Goal of the exercise: Nothing but the lines below between the line holding "为了在单个磁性异质结中,利用" and the line holding "2018年1月荣获2017年四季度交付评估项目质量优秀奖(清远万科华府)", inclusive, should appear in the answer, each set down exactly.

(Dataset entries begins)

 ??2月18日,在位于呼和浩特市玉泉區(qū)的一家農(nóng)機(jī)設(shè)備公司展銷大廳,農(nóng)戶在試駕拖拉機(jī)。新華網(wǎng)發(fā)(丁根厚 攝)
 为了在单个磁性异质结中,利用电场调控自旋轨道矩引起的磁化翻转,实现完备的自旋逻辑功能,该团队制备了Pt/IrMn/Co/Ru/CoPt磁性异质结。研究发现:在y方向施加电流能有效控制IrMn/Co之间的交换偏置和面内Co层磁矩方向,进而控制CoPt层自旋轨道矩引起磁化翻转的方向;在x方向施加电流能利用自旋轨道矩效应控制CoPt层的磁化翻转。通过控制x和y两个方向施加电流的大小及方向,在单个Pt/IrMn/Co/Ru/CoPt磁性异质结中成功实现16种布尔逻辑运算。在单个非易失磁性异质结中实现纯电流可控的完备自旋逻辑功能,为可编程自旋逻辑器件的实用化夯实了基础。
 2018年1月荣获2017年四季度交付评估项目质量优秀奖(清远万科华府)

(Dataset entries ends)
(Dataset entries begins)

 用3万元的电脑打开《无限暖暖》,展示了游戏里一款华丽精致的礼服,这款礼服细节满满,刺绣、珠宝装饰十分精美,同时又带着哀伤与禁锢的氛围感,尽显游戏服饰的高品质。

(Dataset entries ends)
(Dataset entries begins)

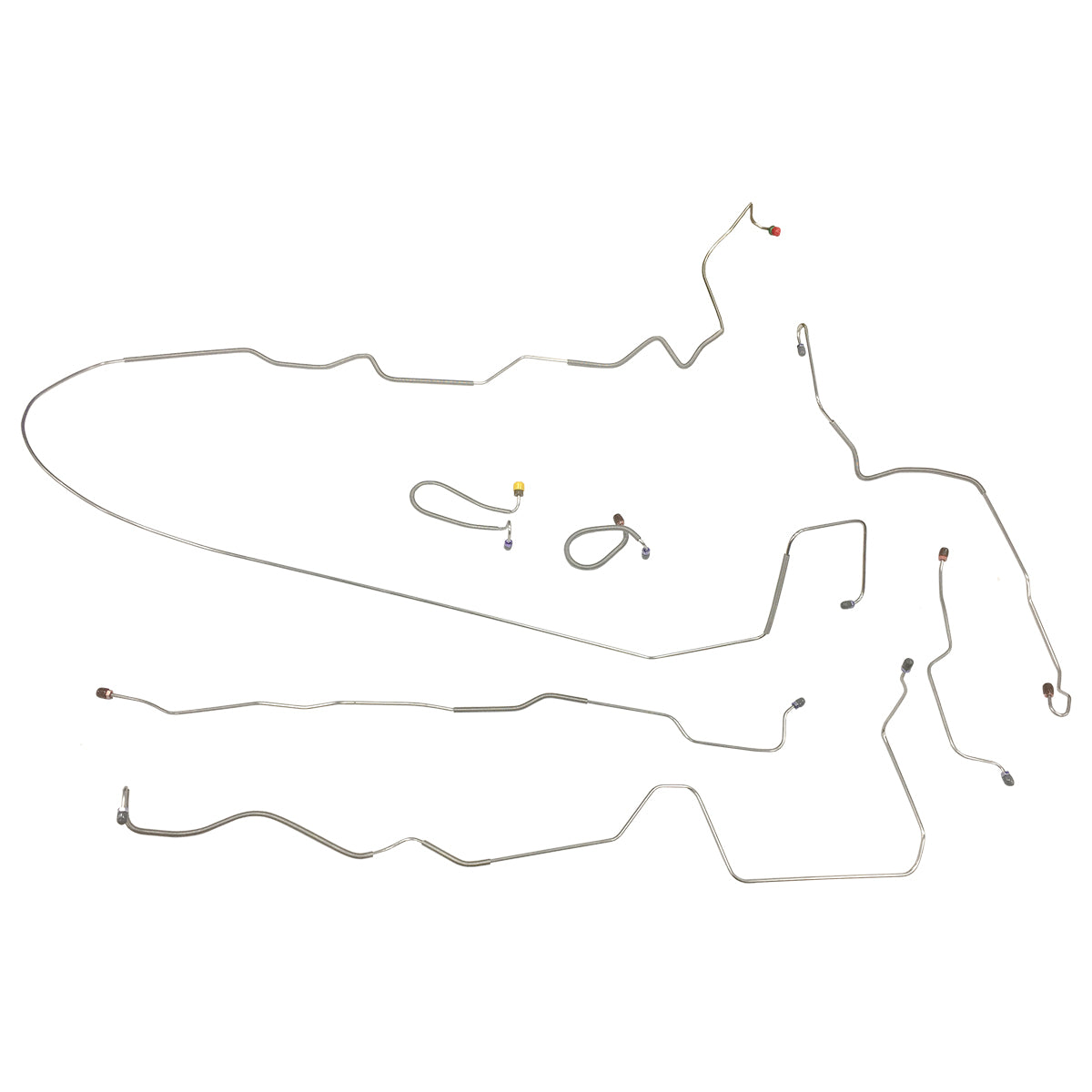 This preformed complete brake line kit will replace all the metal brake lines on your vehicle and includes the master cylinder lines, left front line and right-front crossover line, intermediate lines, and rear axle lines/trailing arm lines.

(Dataset entries ends)

Exercise output:
 为了在单个磁性异质结中,利用电场调控自旋轨道矩引起的磁化翻转,实现完备的自旋逻辑功能,该团队制备了Pt/IrMn/Co/Ru/CoPt磁性异质结。研究发现:在y方向施加电流能有效控制IrMn/Co之间的交换偏置和面内Co层磁矩方向,进而控制CoPt层自旋轨道矩引起磁化翻转的方向;在x方向施加电流能利用自旋轨道矩效应控制CoPt层的磁化翻转。通过控制x和y两个方向施加电流的大小及方向,在单个Pt/IrMn/Co/Ru/CoPt磁性异质结中成功实现16种布尔逻辑运算。在单个非易失磁性异质结中实现纯电流可控的完备自旋逻辑功能,为可编程自旋逻辑器件的实用化夯实了基础。
 2018年1月荣获2017年四季度交付评估项目质量优秀奖(清远万科华府)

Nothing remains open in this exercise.